The school admits boys from the ages of 8–12 (Grades 3 to 7 ) on basis of academic, musical and/or sporting merit. Some boys are required to take an entrance examination, but most enter directly and follow the school's curriculum. Originally, the school only admitted white pupils but following the dissolution of Zimbabwe Rhodesia and Zimbabwean independence in 1980, its student body soon diversified. However, the school maintained its low acceptance rate and merit-based admissions system. During the 20th Century, the school was recognised as one of the most prestigious of its kind in Zimbabwe and maintains that reputation to-date.

Almost all pupils (known as REPS boys) gain entry to top private secondary schools in Zimbabwe.
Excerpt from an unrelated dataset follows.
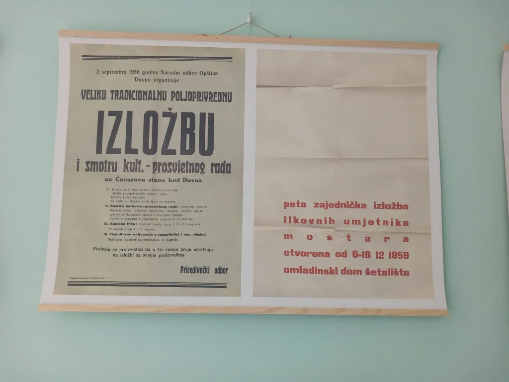 Изложба плаката представља културно – умјетнички живот Мостара и ширег дијела Херцеговине у периоду од 1955. до 1965. године. Наведеном изложбом указује се умјетнички, графички, друштвени, социјални и хисторијски приказ дјеловања институција средином прошлог стољећа. У том контексту изложбом се показује настојање Архива да своју богату збирку оригиналних плаката представи широј јавности.
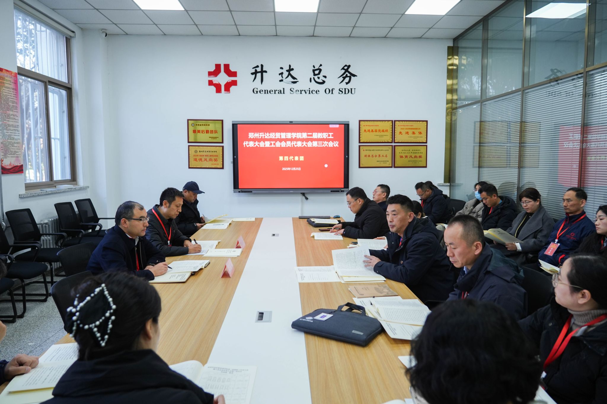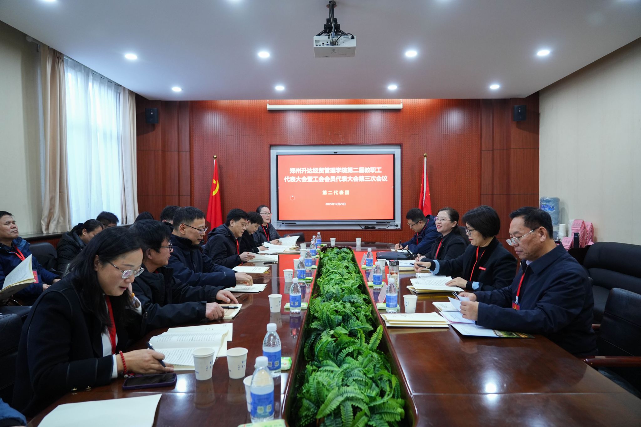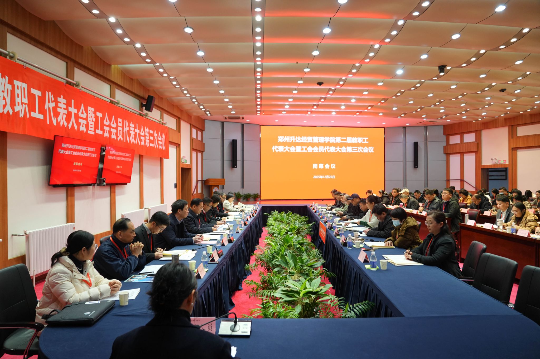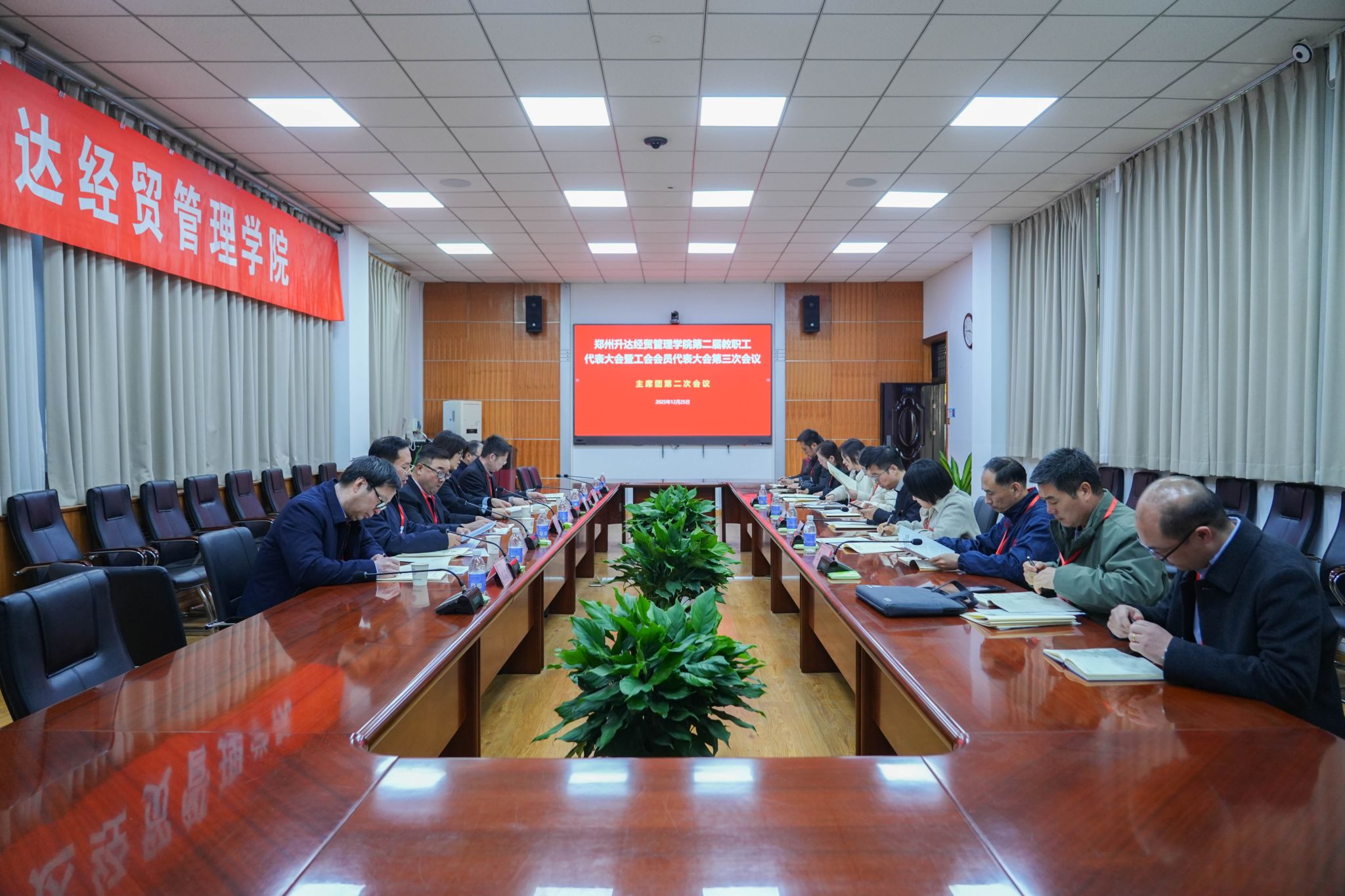 12月25日,为加强我校民主管理,充分发挥教职工行使民主权利、参政议政、民主管理的主人翁作用,我校第二届教职工代表大会暨工会会员代表大会第三次会议在国际会议厅隆重召开。董事长王新奇,校长、党委副书记张欣,党委副书记、副校长、工会主席张金安,党委委员、副校长张其武,登封校区党工委书记沈定军等校领导出席会议。

Most boys go on to excel at such schools as,
Brother school, Plumtree High School, Falcon College, Christian Brothers College, Bulawayo, and Watershed College. Recently, however, a large number of REPS boys attend secondary schools abroad. The boys are famous for being competent rugby players and cricketers and its alumni includes Henry Olonga, his brother Victor Olonga and Heath Streak. Each year, the school produces at least one Matabeleland Duikers U13 Rugby player, the greatest honour in Matabeleland at that level of play.

== School terms ==
There are three academic terms in the year:

- Summer term, from early January to late March. This is when most new boys are admitted to the school.
- Winter term, from early May to late July. Few boys are accepted during this term.
- Spring term, from early September to mid December. No boys are accepted during this term.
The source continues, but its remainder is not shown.